Mr. Stephen O'Brien (Eddisbury): May I urge the Minister to establish an MPs' hotline? As the recess begins tomorrow, it is essential that it should be operating and properly staffed. How many extra staff has he taken on in his office, as that has been one of the few routes by which MPs have been able to raise serious issues on behalf of constituents? The Intervention Board is clearly in crisis. Mr. John Barnett, of Mickley hall, in Broomhall near Nantwich in Cheshire, now has more than 1,000 pigs waiting to be accepted for the animal welfare slaughter scheme, even though he applied on 23 February. As of today, he has still received no response, despite many assurances in the meantime.
Mr. Brown: I have already explained the pressures that the scheme is under. A hotline has been established for Members of Parliament, and I shall give the hon. Gentleman the number when this exchange comes to an end. The strengthening of private offices has been undertaken in the Ministry. Two extra people in my office are dealing with incoming inquiries, of which there have been about 120 from Members of Parliament alone.
Mr. Graham Brady (Altrincham and Sale, West): What advice and assistance have been given to the National Trust and other owners of deer parks, such as Dunham Massey in my constituency, on the steps that
have been taken to safeguard the deer on their properties? In particular, what consideration has been given to the possibility of vaccination to protect those animals?
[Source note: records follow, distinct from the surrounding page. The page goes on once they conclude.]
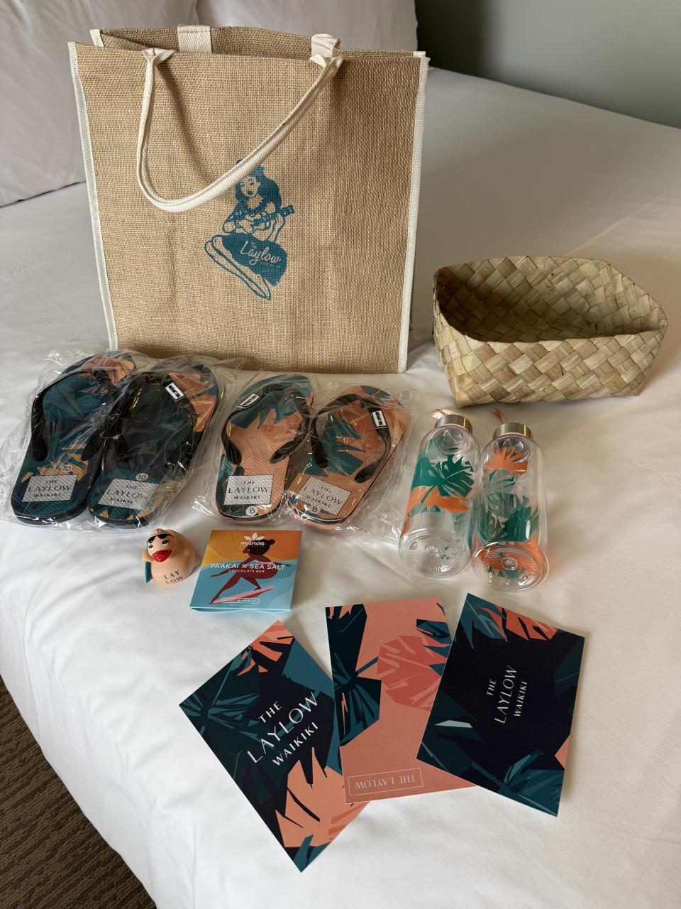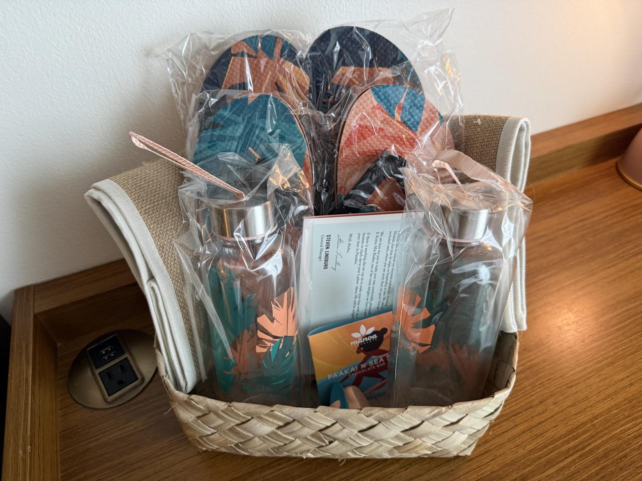 プールバッグ(滞在中めっちゃ活用した!)、ビーチサンダル(夫がいらないというので、サイズを変更してもらって娘とお揃いに♪)、水筒、マノアチョコレート、ハガキ、あひるちゃん。小さいバスケットにこんなに入ってました。
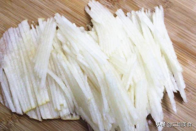 1、首先我们将雪梨清洗干净,然后去掉雪梨的外皮。外皮放进去之后会有硬皮的问题,做这都鲜嫩的素燕窝的话我们一定要去掉雪梨的外皮才可以。我们将雪梨切成薄片之后,然后切成细丝备用,可以切得稍微细一点,这样做出来的雪梨效果更好。如果家里有插板的话,用插板将雪梨插成丝也是可以的,这样做出来的素燕窝的效果会很均匀。
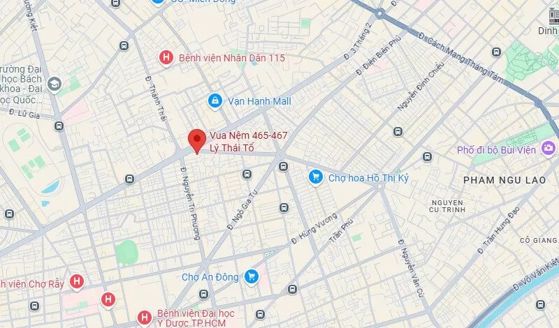 Tọa lạc tại 465–467 Lý Thái Tổ, Phường 9, Quận 10 – tuyến đường trung tâm kết nối nhanh với các quận lân cận như Quận 1, Quận 3, Quận 5, cửa hàng Vua Nệm dễ dàng tiếp cận từ nhiều khu dân cư đông đúc và khu vực thương mại sôi động.
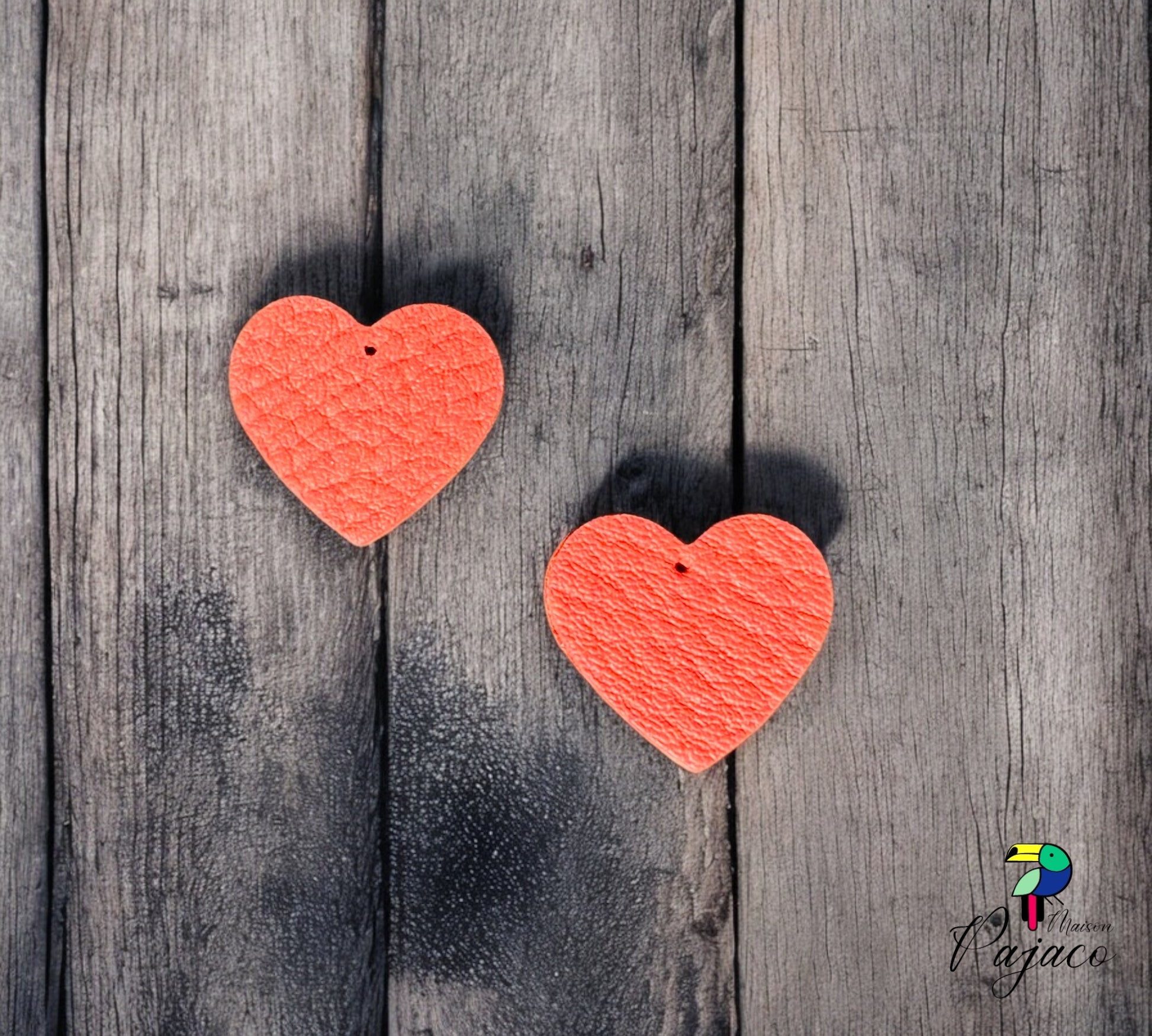 Recharge en cuir boucles d'oreilles coeur léger - Corail
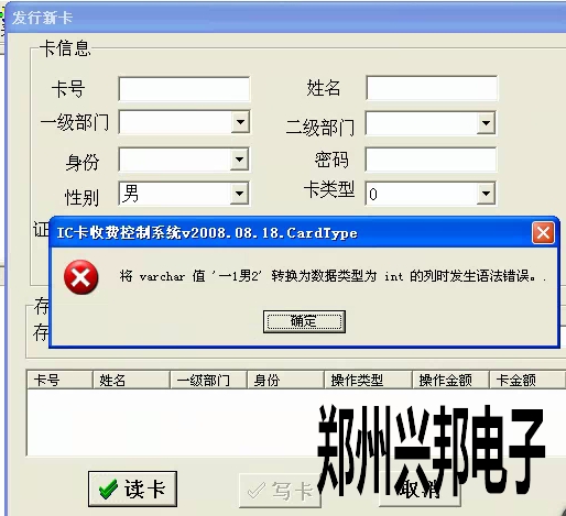 客戶使用的是我們的局域網一卡通食堂售飯機,在使用我們軟件時,新卡無法發行,在發行新卡的時候出現了將varchar值‘一1男2’轉換為數據類型為int的列時發生語法錯誤。
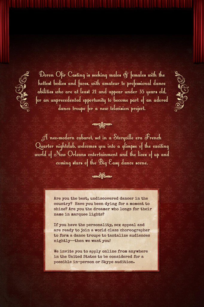 The show is described as “”A neo-modern cabaret, set in a Storyville era French Quarter nightclub, welcomes you into a glimpse of the exciting world of New Orleans entertainment and the lives of up and coming stars of the Big Easy dance scene”
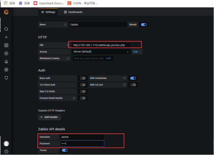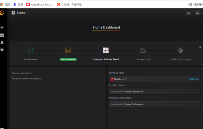 root@server plugins\]# cd /var/lib/grafana/plugins/ \[root@server plugins\]# grafana-cli plugins install alexanderzobnin-zabbix-app installing alexanderzobnin-zabbix-app @ 4.0.1 from url: https://grafana.com/api/plugins/alexanderzobnin-zabbix-app/versions/4.0.1/download into: /var/lib/grafana/plugins ✔ Installed alexanderzobnin-zabbix-app successfully Restart grafana after installing plugins . \
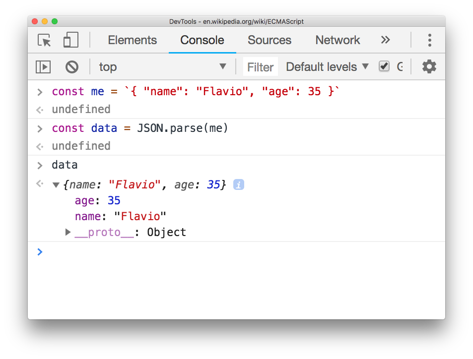 From this little snippet you can see that keys are wrapped in double quotes, a colon separates the key and the value, and the value can be of different types.

Mr. Brown: I understand from my hon. Friend the Parliamentary Secretary that advice has been issued on the management of deer. The most recent veterinary advice that I saw was that there was not a case for culling wild deer, on the ground that it would do more to spread the disease than to eliminate it. There are continuing discussions with those who have responsibility for managing substantial tracts of land on how to handle wildlife during this disease outbreak.
Mr. James Gray (North Wiltshire): Wiltshire is one of the areas approaching, we hope and pray, clean status, the last outbreak having been something like a month ago. Will the Minister give careful consideration to raising the restrictions there, as well as in the areas in the east of England that he mentioned earlier? Will he also give some thought to three issues that have been raised with me that could put that status in jeopardy?
First, we accept the need to bury, and Wiltshire is prepared to play its part in taking carcases from elsewhere for burial--that is a reasonable thing for a county such as ours to do--but will the Minister give farmers and the tourism industry an absolute assurance that lorries travelling through the constituency are 100 per cent. disinfected and totally safe? I am sure that they are, but farmers seek reassurance on the point.
Secondly, those farmers who have been granted licences have to take their lorries into Gloucestershire in order to go to disinfection centres, because there are so few centres around. Will the Minister consider opening new disinfection centres in Army, RAF or local authority sites, so that lorries need not go into infected areas before returning to Wiltshire?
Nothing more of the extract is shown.